▸ **Information provided**
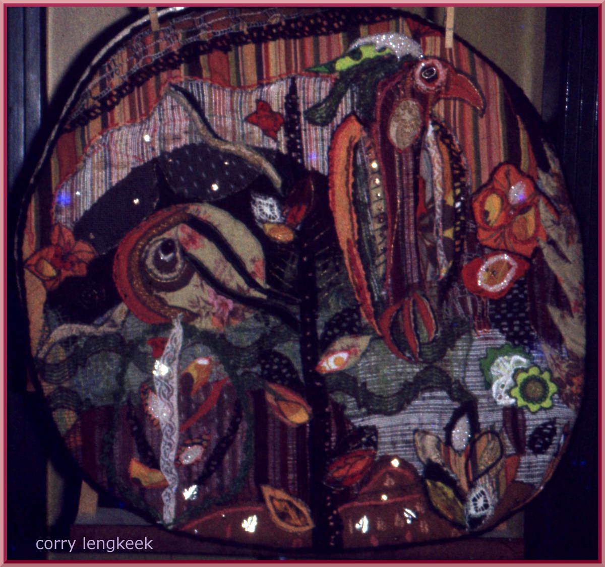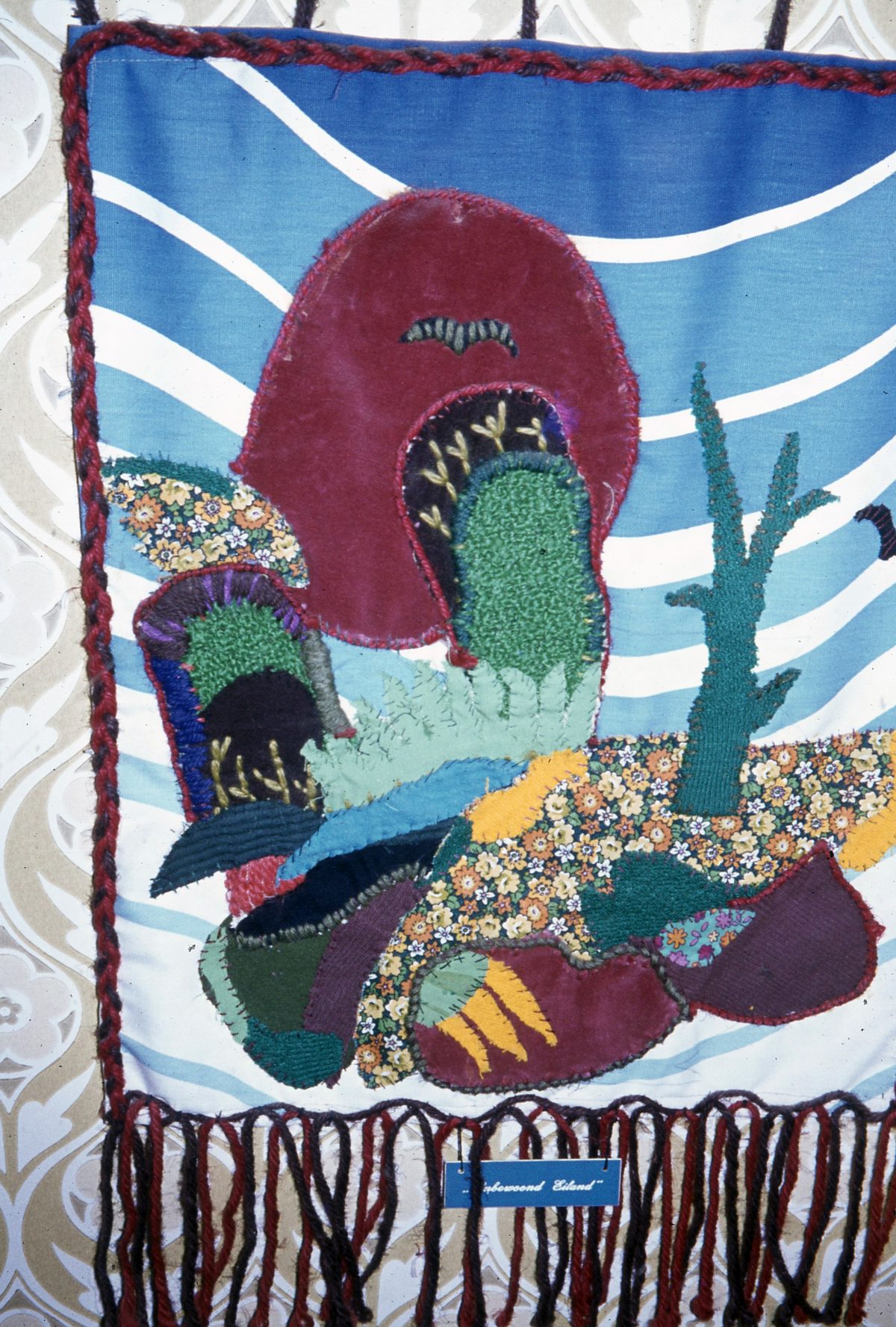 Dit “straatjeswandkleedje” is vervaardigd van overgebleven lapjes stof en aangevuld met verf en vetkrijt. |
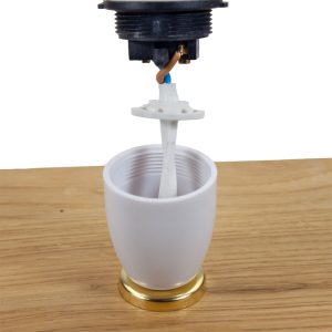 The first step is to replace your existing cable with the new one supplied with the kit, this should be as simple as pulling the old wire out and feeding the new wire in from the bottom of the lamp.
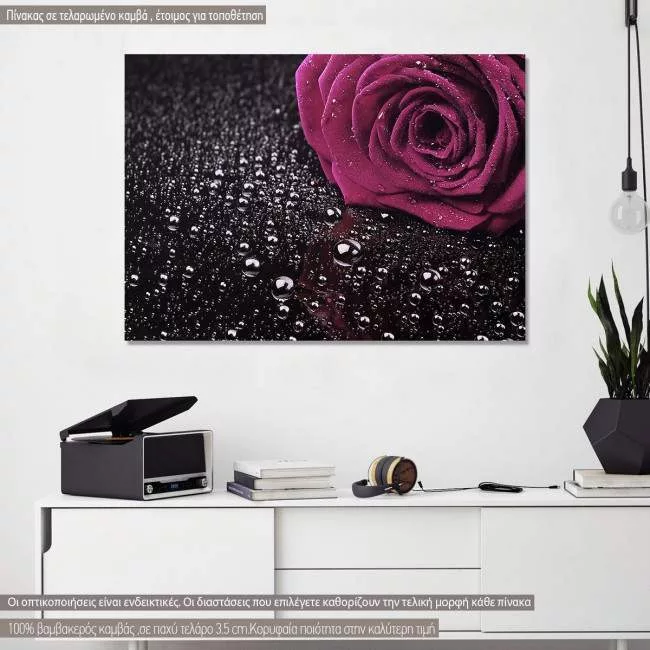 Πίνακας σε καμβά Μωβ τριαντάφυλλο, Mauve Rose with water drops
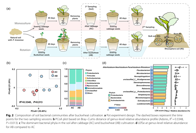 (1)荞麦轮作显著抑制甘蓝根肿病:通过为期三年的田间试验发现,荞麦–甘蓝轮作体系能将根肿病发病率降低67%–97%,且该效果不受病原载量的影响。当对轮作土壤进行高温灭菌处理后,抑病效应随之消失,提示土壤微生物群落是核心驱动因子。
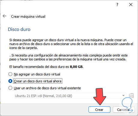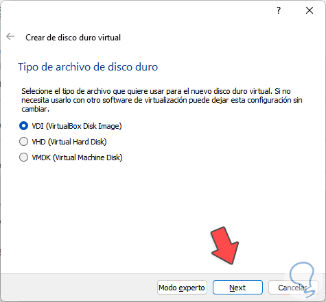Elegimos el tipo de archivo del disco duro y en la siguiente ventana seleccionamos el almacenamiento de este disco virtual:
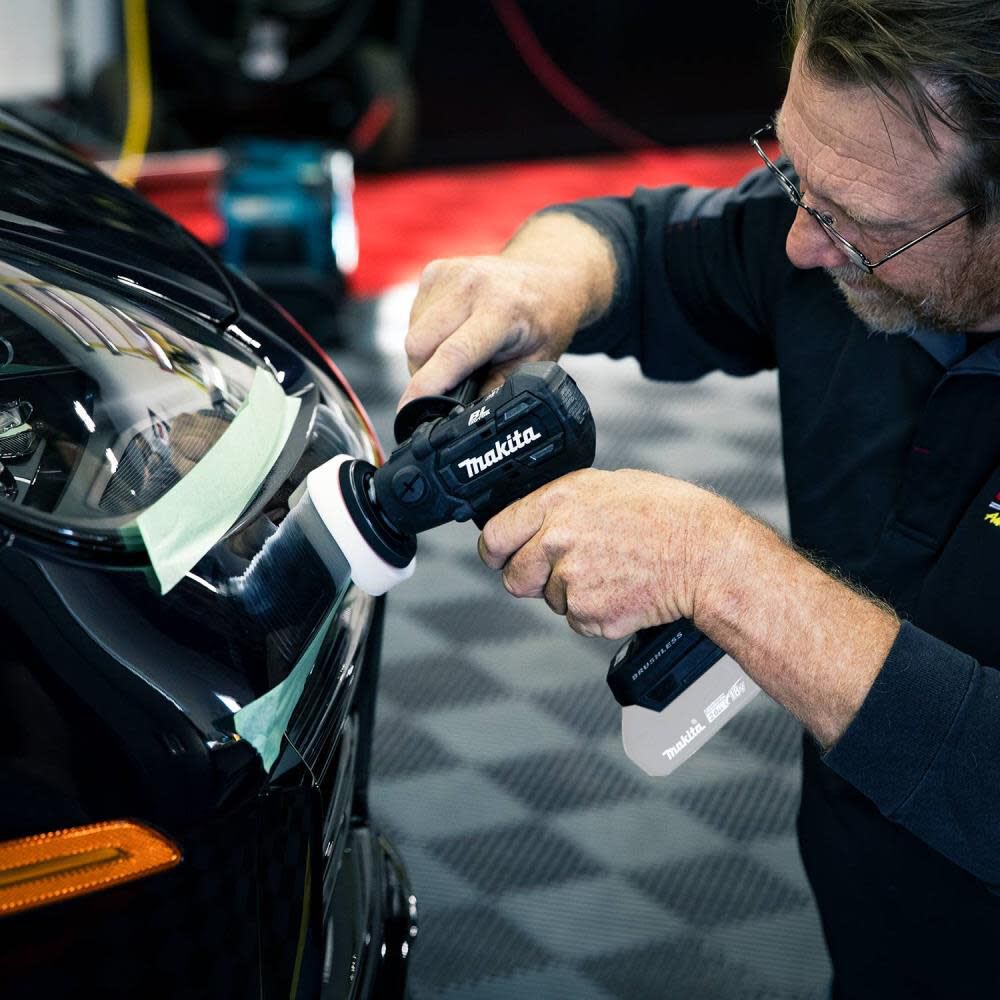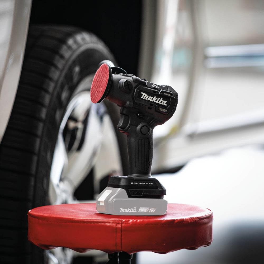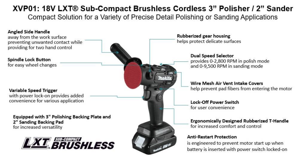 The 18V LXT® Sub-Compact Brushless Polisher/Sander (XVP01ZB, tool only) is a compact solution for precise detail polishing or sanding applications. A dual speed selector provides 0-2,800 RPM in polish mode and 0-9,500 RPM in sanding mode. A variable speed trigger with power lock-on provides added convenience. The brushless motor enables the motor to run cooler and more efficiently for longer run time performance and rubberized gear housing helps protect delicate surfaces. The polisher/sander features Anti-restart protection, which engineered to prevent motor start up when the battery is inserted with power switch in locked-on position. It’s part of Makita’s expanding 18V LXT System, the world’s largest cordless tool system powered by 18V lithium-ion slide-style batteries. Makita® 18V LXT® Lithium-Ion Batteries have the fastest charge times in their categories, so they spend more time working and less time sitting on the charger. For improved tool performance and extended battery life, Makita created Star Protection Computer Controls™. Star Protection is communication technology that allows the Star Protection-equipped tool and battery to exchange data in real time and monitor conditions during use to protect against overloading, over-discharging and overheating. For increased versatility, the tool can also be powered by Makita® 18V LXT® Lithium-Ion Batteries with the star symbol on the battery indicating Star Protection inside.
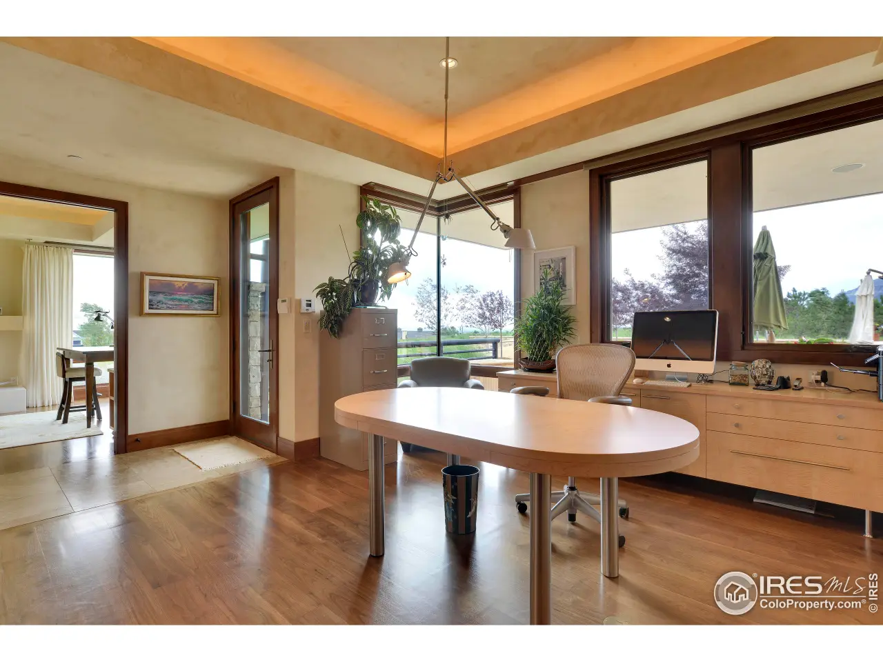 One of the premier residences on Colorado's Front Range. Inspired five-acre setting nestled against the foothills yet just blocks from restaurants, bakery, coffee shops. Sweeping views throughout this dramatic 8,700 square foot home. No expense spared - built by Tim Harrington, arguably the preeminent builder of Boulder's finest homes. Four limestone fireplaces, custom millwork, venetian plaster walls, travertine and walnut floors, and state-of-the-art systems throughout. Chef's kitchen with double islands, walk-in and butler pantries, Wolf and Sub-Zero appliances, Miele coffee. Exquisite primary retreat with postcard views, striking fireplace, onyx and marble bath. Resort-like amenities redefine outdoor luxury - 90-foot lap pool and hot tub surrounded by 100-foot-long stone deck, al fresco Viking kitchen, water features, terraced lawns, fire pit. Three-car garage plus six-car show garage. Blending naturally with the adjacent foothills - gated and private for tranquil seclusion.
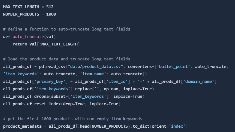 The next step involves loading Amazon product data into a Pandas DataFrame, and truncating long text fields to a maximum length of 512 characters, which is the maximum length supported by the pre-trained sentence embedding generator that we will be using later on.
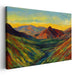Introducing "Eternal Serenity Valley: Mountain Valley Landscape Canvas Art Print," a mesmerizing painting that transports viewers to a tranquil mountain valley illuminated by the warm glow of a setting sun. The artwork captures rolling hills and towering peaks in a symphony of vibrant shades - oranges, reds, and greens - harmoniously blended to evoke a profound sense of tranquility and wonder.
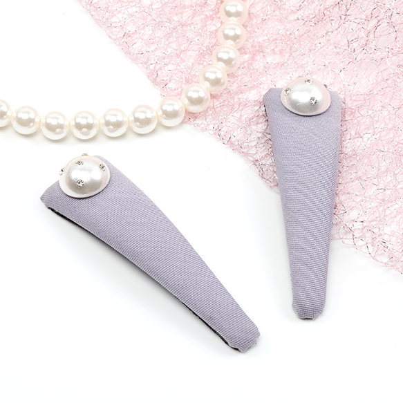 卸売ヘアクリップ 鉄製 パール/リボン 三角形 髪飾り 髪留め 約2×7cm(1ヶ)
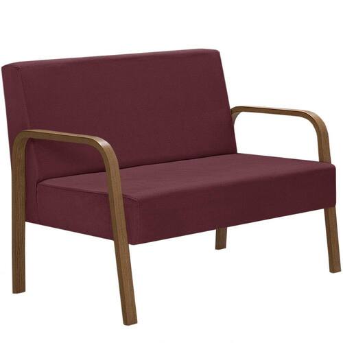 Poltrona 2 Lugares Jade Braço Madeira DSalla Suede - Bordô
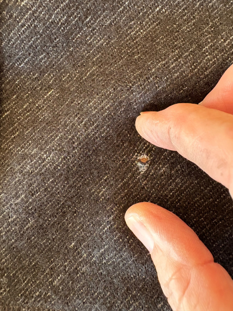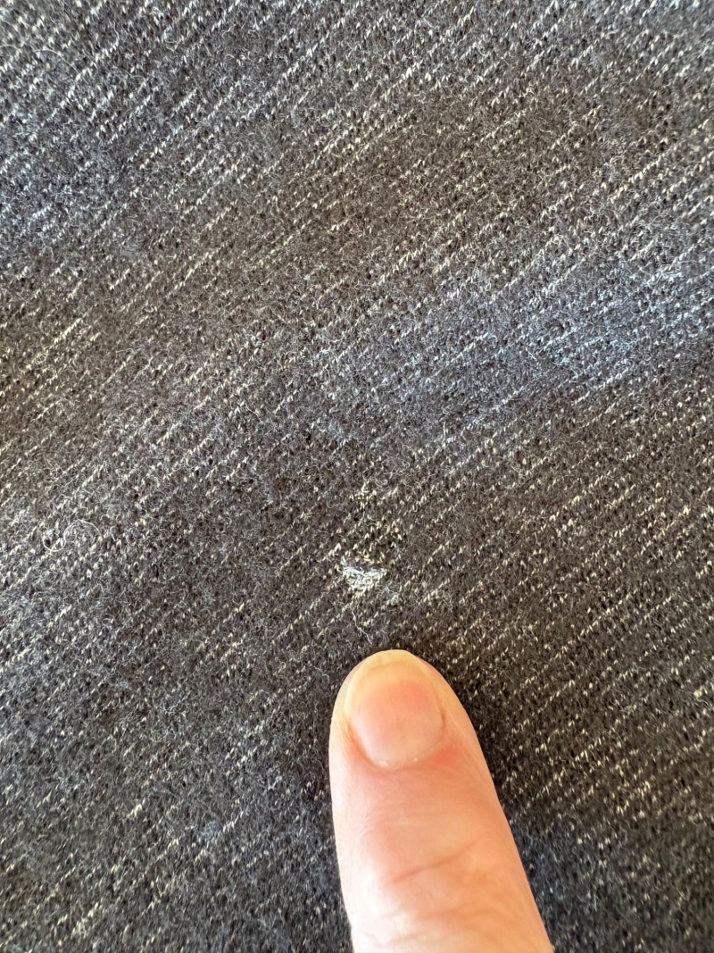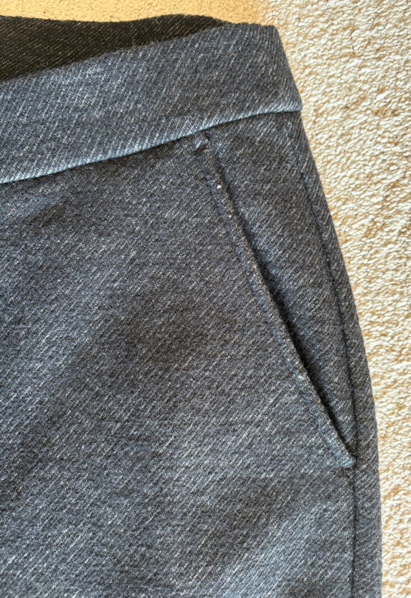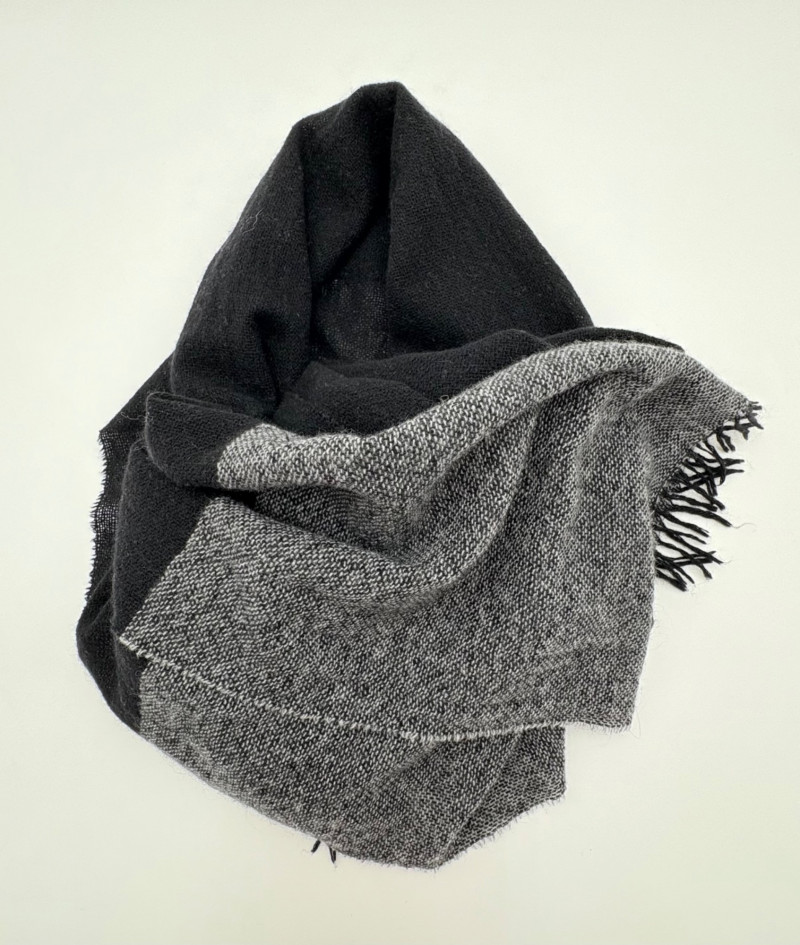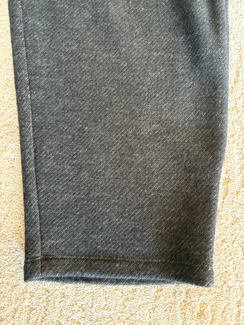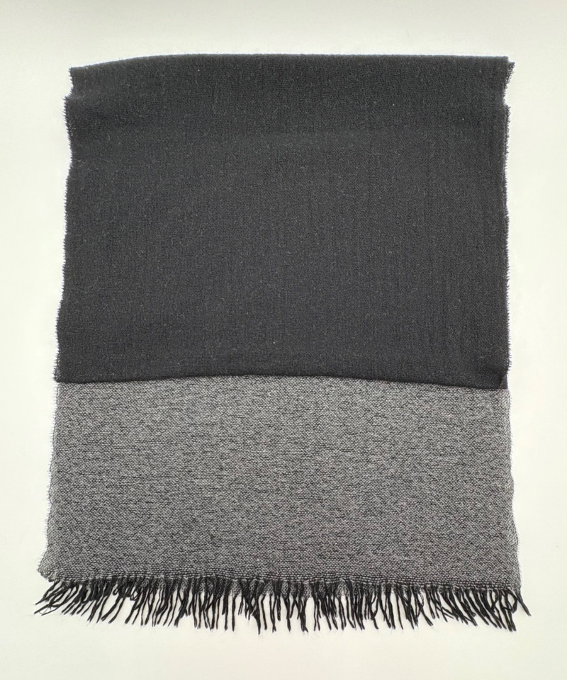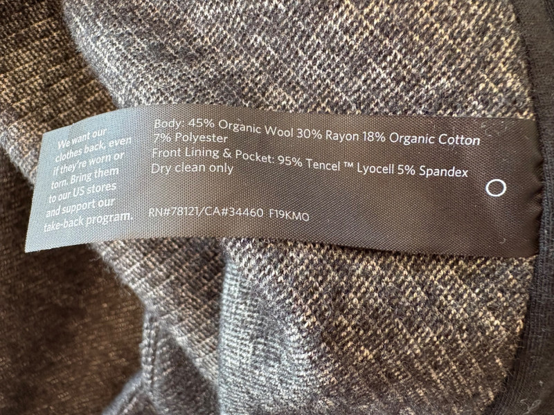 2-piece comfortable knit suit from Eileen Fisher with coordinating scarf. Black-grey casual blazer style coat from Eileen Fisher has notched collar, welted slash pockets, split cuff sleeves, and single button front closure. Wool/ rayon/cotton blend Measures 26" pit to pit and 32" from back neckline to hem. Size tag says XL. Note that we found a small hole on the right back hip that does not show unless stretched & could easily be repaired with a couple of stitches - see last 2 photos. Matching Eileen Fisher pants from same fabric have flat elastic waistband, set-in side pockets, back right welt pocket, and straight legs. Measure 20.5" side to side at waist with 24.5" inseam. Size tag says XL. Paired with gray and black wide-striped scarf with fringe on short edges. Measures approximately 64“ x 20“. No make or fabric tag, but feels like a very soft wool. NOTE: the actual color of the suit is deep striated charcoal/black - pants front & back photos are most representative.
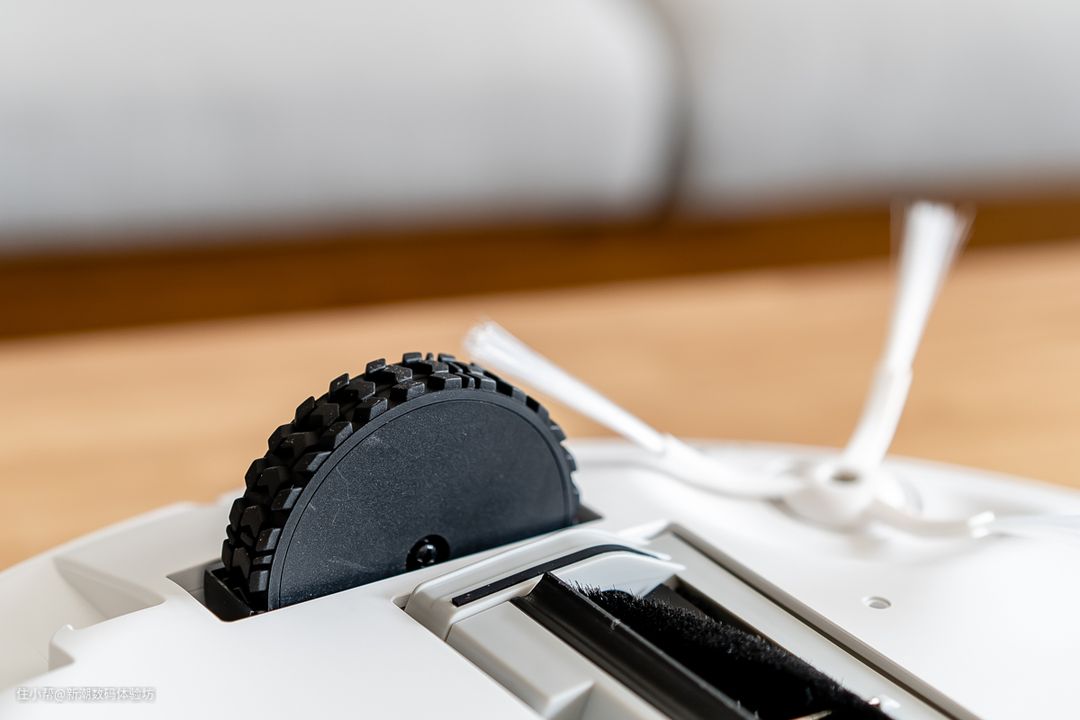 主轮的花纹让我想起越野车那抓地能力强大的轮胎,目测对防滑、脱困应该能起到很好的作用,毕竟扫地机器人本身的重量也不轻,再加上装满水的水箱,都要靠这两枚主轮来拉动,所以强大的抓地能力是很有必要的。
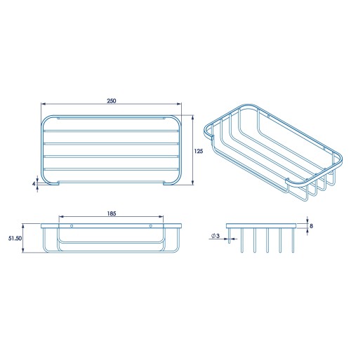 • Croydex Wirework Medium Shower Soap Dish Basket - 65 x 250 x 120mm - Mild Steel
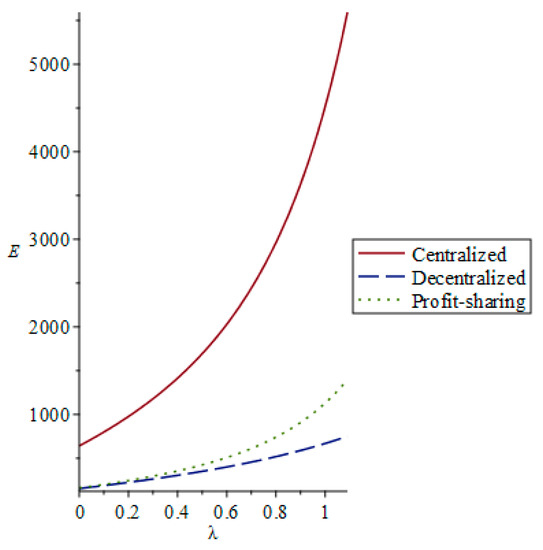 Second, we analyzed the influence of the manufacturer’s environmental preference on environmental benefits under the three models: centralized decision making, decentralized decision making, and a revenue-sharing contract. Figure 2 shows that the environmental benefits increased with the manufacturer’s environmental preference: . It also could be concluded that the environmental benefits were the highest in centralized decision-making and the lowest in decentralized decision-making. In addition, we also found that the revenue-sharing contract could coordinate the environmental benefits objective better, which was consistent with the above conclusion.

▸ **Task objective**
Repeat, with no pictures, each line from the beginning of the data through the line containing "Elegimos el tipo", inclusive.

▸ **Answer space**
 Dit “straatjeswandkleedje” is vervaardigd van overgebleven lapjes stof en aangevuld met verf en vetkrijt. |
 The first step is to replace your existing cable with the new one supplied with the kit, this should be as simple as pulling the old wire out and feeding the new wire in from the bottom of the lamp.
 Πίνακας σε καμβά Μωβ τριαντάφυλλο, Mauve Rose with water drops
 (1)荞麦轮作显著抑制甘蓝根肿病:通过为期三年的田间试验发现,荞麦–甘蓝轮作体系能将根肿病发病率降低67%–97%,且该效果不受病原载量的影响。当对轮作土壤进行高温灭菌处理后,抑病效应随之消失,提示土壤微生物群落是核心驱动因子。
Elegimos el tipo de archivo del disco duro y en la siguiente ventana seleccionamos el almacenamiento de este disco virtual:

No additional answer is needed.